Another option open to Brexiteers is to vote with Labour in a no-confidence motion, or at least to abstain. Some ERG members have reportedly hinted at that. If the government loses a vote of no-confidence then there is 14 days in which MPs can try to find a majority grouping, otherwise an early election campaign will start after the 14 days.
However, while I previously thought that this was an option that would stop May in her tracks, I now find that this isn’t so:
The Act provides no guidance on what occurs during the 14-day period following an Fixed-term Parliaments Act 2011 no confidence motion being passed. As the Clerk of the House told us, what occurs during this period is a matter politics, and not of procedure. Evidence to this inquiry and the Cabinet Manual set out that the Prime Minister would be expected to continue in office unless someone else could command the confidence of the House. If someone else could command the confidence of the House, the Prime Minster would be expected to resign (p. 3).
So it looks like it isn’t the case that everything would be suspended for 14 days. The PM could still continue to operate during that time unless someone else wins another vote of confidence, and the only person who could possibly win such a vote would be Jeremy Corbyn, and who knows what he would do?
There are also reports that ERG members are threatening to stop voting for government legislation if the PM tried to get the EU to agree a long delay. So that’s another possible tactic.
The final piece of the jigsaw is the public. Will we see some of the threatened direct action, like a lorry blockade, take place, or is that just talk?

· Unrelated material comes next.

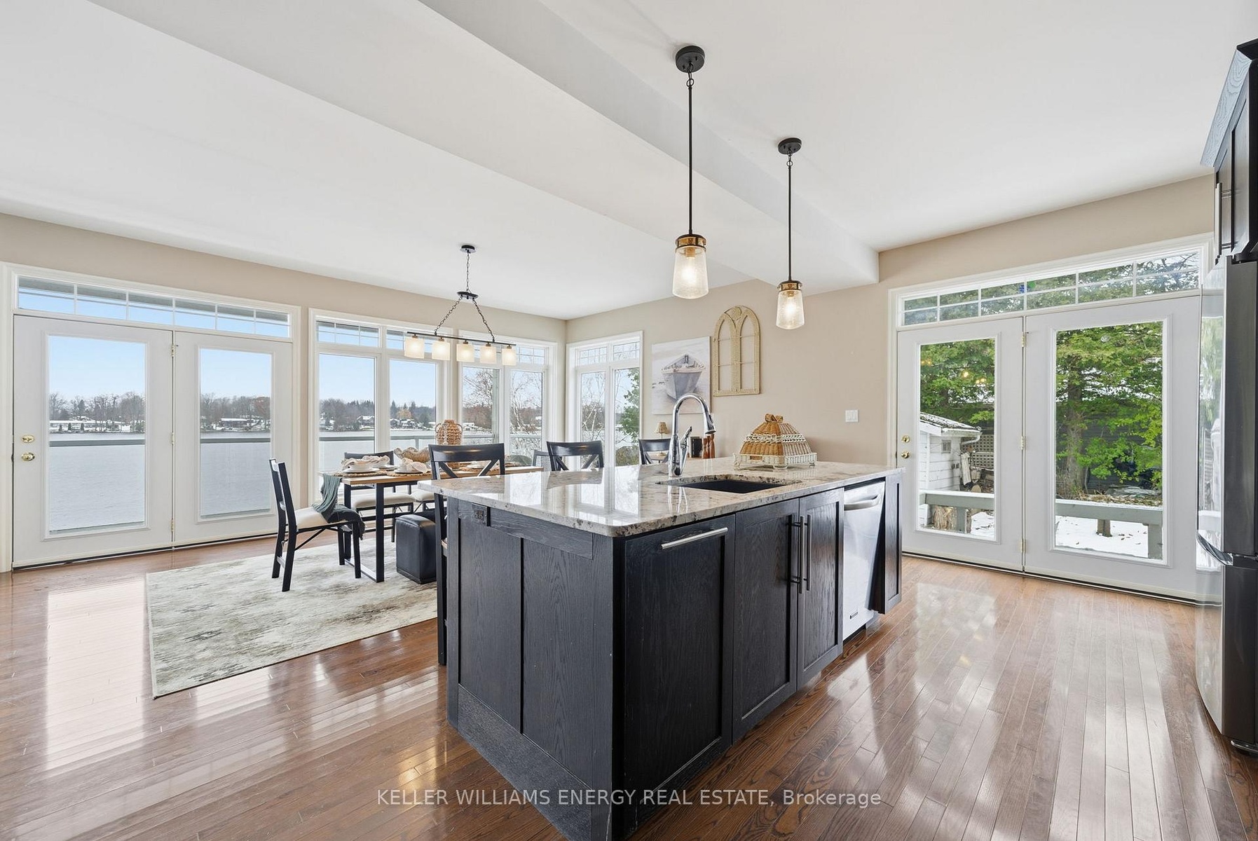 Welcome to this stunning 1+2 bedroom, 3 bathroom bungaloft nestled on the beautiful Trent Severn Waterway. Offering direct waterfront access and the ability to explore 5 lakes without passing through a single lock, this property is a true year-round retreat! Step inside through a spacious front entrance into an impressive open-concept layout with cathedral ceilings and wall-to-wall windows showcasing breathtaking water views. The main floor features a cozy fireplace, convenient laundry room, and seamless access to the wrap-around upper deck - perfect for entertaining or simply enjoying the Call of the Loons. The primary bedroom suite offers a private escape with a 3-piece ensuite and a walk-in closet, creating the perfect blend of comfort and functionality. The walk-out basement extends your living space, featuring a dry bar, ample storage, and direct access to the waterfront. Spend your days boating, fishing, or relaxing on your private dock, then enjoy skating or snowmobiling right from your backyard in the winter. Located in a mature, quiet neighbourhood, this home offers easy access to downtown Peterborough, PRHC hospital, and Hwy 115, while nearby golf courses and outdoor recreation make every day feel like a getaway. This Kawartha Lakes bungaloft delivers comfort, charm, and the perfect balance of relaxation and adventure.

The more of that sort of thing the better, because it will remind MPs of the anger that is out there at their now-blatant attempts to stop Brexit.
Update: According to Wikipedia there are committees who will look at Statutory Instruments, although I don’t know how much this will delay things for.
There’s also some more on SIs here at the UK Parliament website, but it doesn’t give me a sense of how quickly the government could get the Brexit delay SI through.